Minimum inhibitory concentration (MICs) of both antifungal agents were determined by the microdilution inhibitory method. For this purpose, the enzyme-linked immunoassay 96-well microplates were utilized; 10 wells were used for 0.5–128 μg/mL of nystatin and 10 wells for 0.003–16 μg/mL for amphotericin B in Roswell Park Memorial Institute; two wells were also assigned to positive and negative controls. Then, 100 μL of the fungal suspension provided from each isolated strain was added to each well. Finally, 100 μL of the 1 × 103 fungal suspension plus 100 μL of postretirement medical insurance (PRMI) was added to the positive control well, and the negative control well was only filled with 100 μL of pure PRMI without drugs and microorganisms according to CLSI-M27.[9] After incubation at 35°C for 24 and 48 h, the turbidity in the wells was evaluated, and the first wells without turbidity after 24 and 48 h were considered as the MIC24 and MIC48, respectively (level of significance: 0.05).

To determine minimum fungicidal concentration (MFC), 20 μL of the suspension in the MIC well and the following wells were added to SDA plates, and after swab culturing, the plates were incubated for 24–48 h at 35°C. Plates with <5 grown colonies were used to determine MFC.[13]

Data were analyzed by SPSS version 22(IBM Corp. Released 2013. IBM SPSS Statistics for Windows, Version 22.0. Armonk, NY: IBM Corp.). To investigate the antifungal effects of nystatin and amphotericin B, their MIC24, MIC48, and MFC were separately measured, and the median, range, and mode were also determined and analyzed with Mann–Whitney test. To compare the antifungal effect of two drugs, drug sensitivity and drug resistance were determined for each of the two drugs, nystatin and amphotericin B. The breakpoint for amphotericin B was determined in such a way that MIC values <2 were considered sensitive and MIC values ≥2 as resistant. The breakpoint of nystatin was determined in such a way that MIC values ≤2 were considered sensitive and MIC values >2 as resistant.

RESULTS

The studied Candida samples from the mycological collection of the Department of Medical Parasitology and Mycology, Isfahan University of Medical Sciences, included 14 C. albicans, five Candida tropicalis, two Candida glabrata before radiotherapy, and 12 C. albicans, four C. tropicalis, two C. glabrata, one Candida parapsilosis, and one Candida krusei in the 2nd week of radiotherapy.

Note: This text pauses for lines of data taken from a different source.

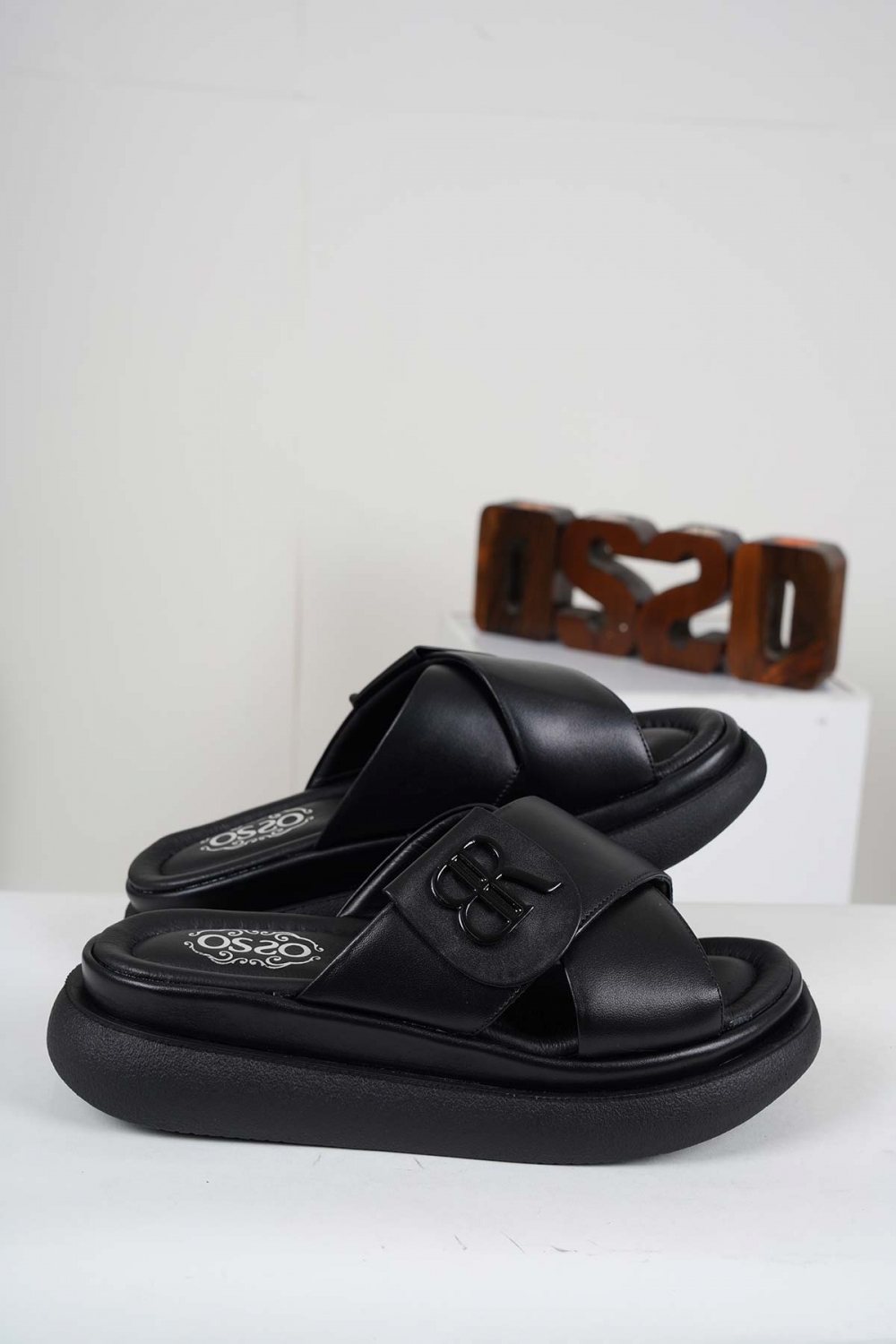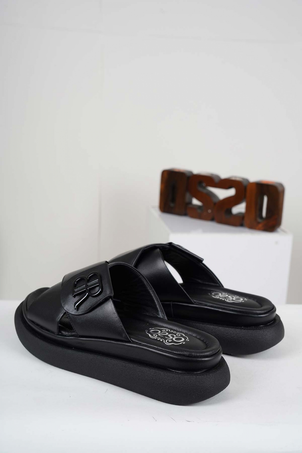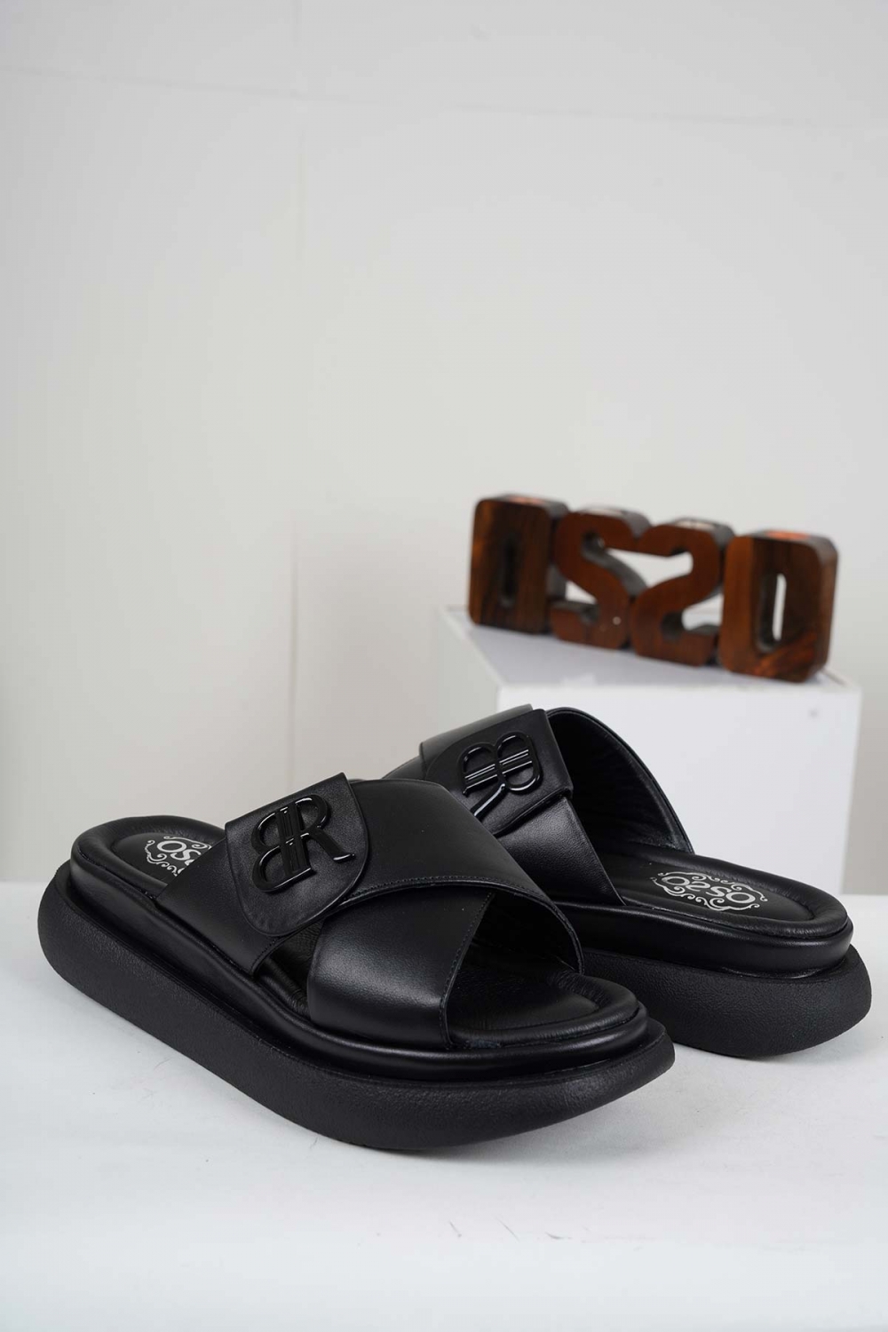Hakiki Deri Siyah Kadın Komfort Terlik 241229605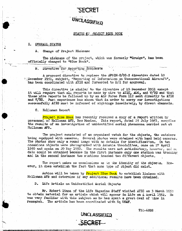 Blue Book was the third Air Force UFO study (after Project Sign in 1947 and Project Grudge in 1949). Its mission: (1) assess whether UFOs posed a threat to national security, and (2) scientifically analyze the data.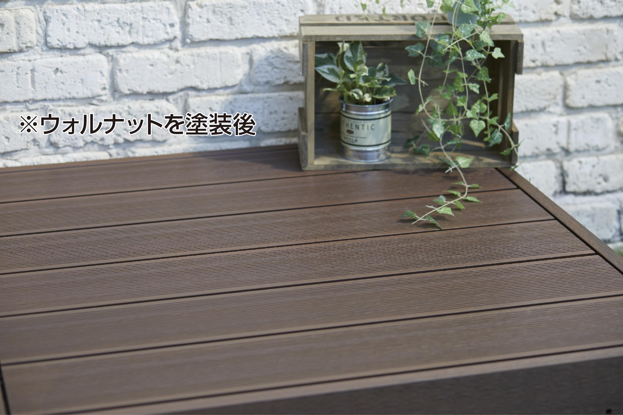 着色タイプは1回塗りで、色あせてしまった人工木の色を復活させるのに適しています。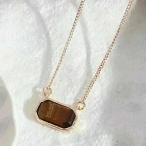 Rectangular Brown Stone Necklace: Elegant Brown Stone Pendant in Gold-Tone Setting. Simple and Sophisticated Design.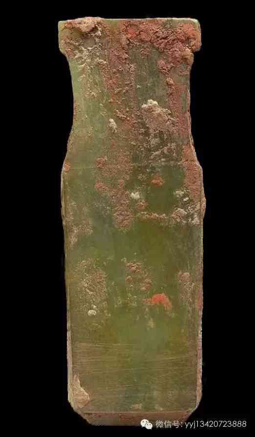 商晚期 小玉棕。青黃玉,略帶半透明,表面未經(jīng)仔細拋光。琢作一外方內(nèi)圓的小玉棕。平素?zé)o紋。寬1.9公分 高4.1公分。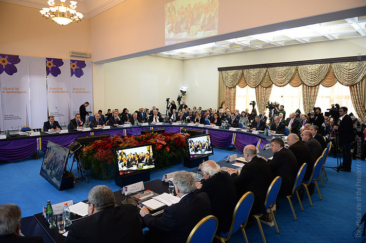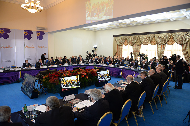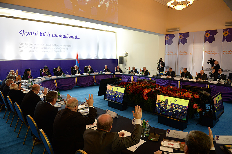 Այսօրվա նիստում նախատեսում ենք ընդունել Հայոց ցեղասպանության 100-րդ տարելիցի Համահայկական հռչակագիրը: Անշուշտ, սա կարևորագույն մի փաստաթուղթ է, որը բացառիկ է թե՛ իր ձևով, թե՛ բովանդակությամբ: Առաջին անգամ մենք ընդունում ենք համազգային նշանակության մի փաստաթուղթ ոչ թե պետական որևէ կառույցի միջոցով, ոչ թե մեր ազգի ներկայացուցիչների առանձնացված հատվածներով, այլ ողջ հայ ժողովուրդը ներկայացնող բոլոր հիմնական կառույցների ներգրավմամբ: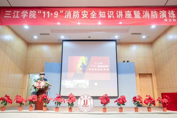 11月8日,在第31个全国消防日来临之际,beat365官网保卫处会同后勤处组织食堂、江育公司以及商铺员工130余人,在学术报告厅和停车场等地举行了“11•9”消防知识讲座暨消防演练活动。南京市雨花台区消防大队参谋朱方娇、副校长唐万宏、保卫处处长刘松伟以及后勤处陶立东老师出席活动,活动由保卫处副处长史凌主持。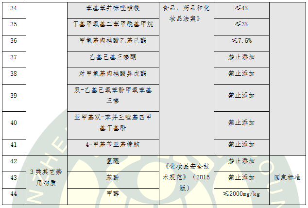 c.防曬劑(15種):苯基苯并咪唑磺酸、二苯酮 -4和二苯酮-5、對氨基苯甲酸、對甲氧基肉桂酸異戊酯、 PABA乙基己酯、丁基甲氧基二苯甲?;淄椤W克立林、甲氧基肉桂酸乙基己酯、水楊酸乙基己酯、胡莫柳酯、乙基己基三嗪酮、亞甲基雙 -苯并三唑基四甲基丁基酚、雙 -乙基己氧苯酚甲氧苯基三嗪、二苯酮 -3、4-甲基芐亞基樟腦

To evaluate the antifungal activity of nystatin and amphotericin B, their MIC24, MIC48, and MFC were separately measured for C. albicans, C. glabrata, C. tropicalis, C. krusei, and C. parapsilosis.

The frequency was not determined for two species of C. krusei and C. parapsilosis, since only one strain of each was isolated from the patients during radiotherapy. Furthermore, MIC24, MIC48, and MFC of nystatin and amphotericin B before and during radiotherapy could not be compared since neither of the species was isolated before radiotherapy from the patients.

Table 1 shows MIC24, MIC48, and MFC for nystatin and amphotericin B against C. parapsilosis and C. krusei.

Minimum inhibitory concentration 24, minimum inhibitory concentration 48, and minimum lethal concentration of nystatin and amphotericin B of Candida parapsilosis and Candida krusei

Table 2 shows medians and ranges of MIC24, MIC48, and MFC for nystatin and amphotericin B against C. albicans, C. glabrata, and C. tropicalis.

Median and range of minimum inhibitory concentration 24, minimum inhibitory concentration 48, and minimum lethal concentration of amphotericin B and nystatin on species isolated from radiotherapy patients before and during radiotherapy

For the statistical comparison MIC24of, MIC48, and MFC indicators of two drugs amphotericin B and nystatin in Candida strains, statistical analysis of these indicators was done separately before and after treatment with Mann–Whitney U statistical analysis. The results showed that before radiotherapy in the C. albicans strain of all three indicators in the nystatin group, mean rank was significantly higher than the amphotericin B group [Table 3].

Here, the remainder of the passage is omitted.